6. Limits of generalization and the current research agenda
A large review of front-view fruit-tree image segmentation makes the central limitation explicit: the field still lacks “a versatile dataset and segmentation model that could be applied to a variety of tasks and environments.” The review covers 158 papers, of which 76 are rule-based and 82 are deep-learning-based, and organizes them by method, image type, task, fruit species, and year. It argues that current methods are highly specific to a given task and environment, that public datasets are sparse and narrow, and that only 11 public datasets are available in the reviewed scope (Oh, 2024).

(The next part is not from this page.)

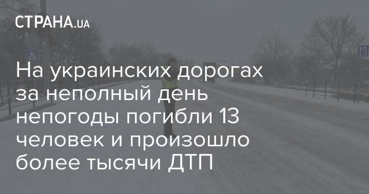 В Украине по состоянию на вечер среды из-за осложнения погодных условий произошло 1049 дорожно-транспортных происшествий, в результате чего 13 человек погибли.
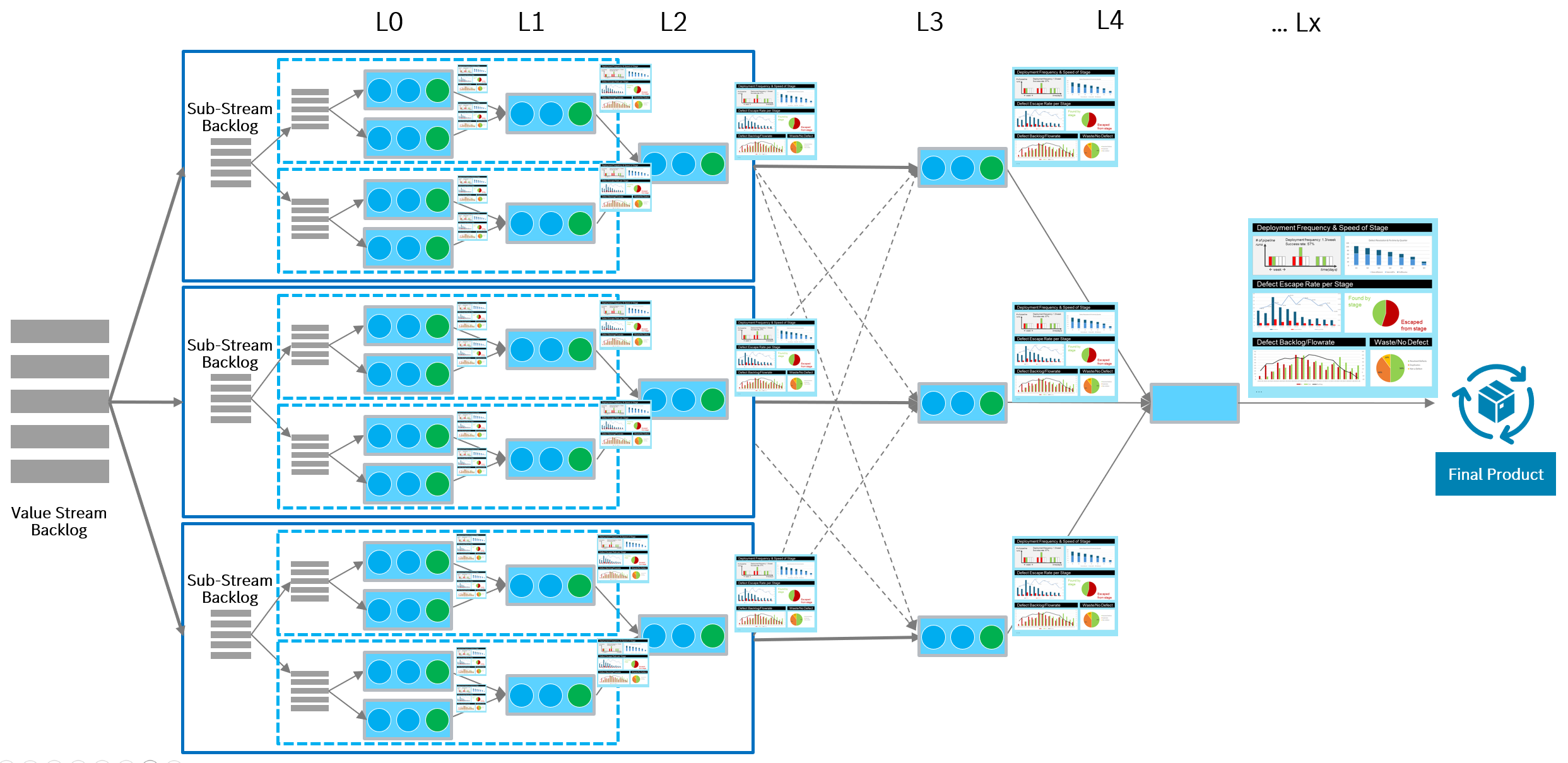 - At the value-stream level, they summarize overall flow performance and support outcome-oriented steering.

The review also identifies the dominant axes of fragmentation: task specificity, environment specificity, species imbalance, labeling inconsistency, and restricted evaluation across orchards, seasons, and training systems. Apples and grapes are the two most studied fruits; RGB and RGB-D dominate current deep-learning practice; and phenotyping and harvesting are the most common tasks. For generalized fruit-tree perception, the recommended directions are monocular depth estimation, CNN-transformer fusion, development of a versatile unified agriculture model, deep-learning-based 3D reconstruction of tree rows, construction of versatile large high-quality datasets, and increased use of few-shot and self-supervised learning (Oh, 2024).
Placed alongside the formal exact models of combinatorics and arithmetic, this agricultural diagnosis is revealing. In permutrees, metallic trees, and tree arithmetic, generalization is achieved by exact rules, exact bijections, and exact structural theorems (Pilaud et al., 2016, Margenstern, 2019, Tarau, 2013, Luccio, 2015). In orchard robotics and vision, generalization is instead partial and empirical: a point cloud may be species-agnostic yet lack topology; a procedural renderer may be flexible yet not botanical; a neural field may be fruit-agnostic yet sensitive to pose and mask quality; and a harvesting controller may be modular yet still rely on crop-specific geometric assumptions (Fu et al., 2023, Duboudin et al., 2019, Meyer et al., 26 May 2025, Gursoy et al., 2023).
A plausible implication is that “Generalized Fruit Tree” currently names a research objective more than a settled formalism. In exact mathematics, the objective has already produced unified tree models. In agriculture, it remains an open synthesis problem: to combine geometry, semantics, topology, organ relations, sensing, and task constraints into a representation that is simultaneously species-agnostic, task-flexible, and operationally robust (Oh, 2024).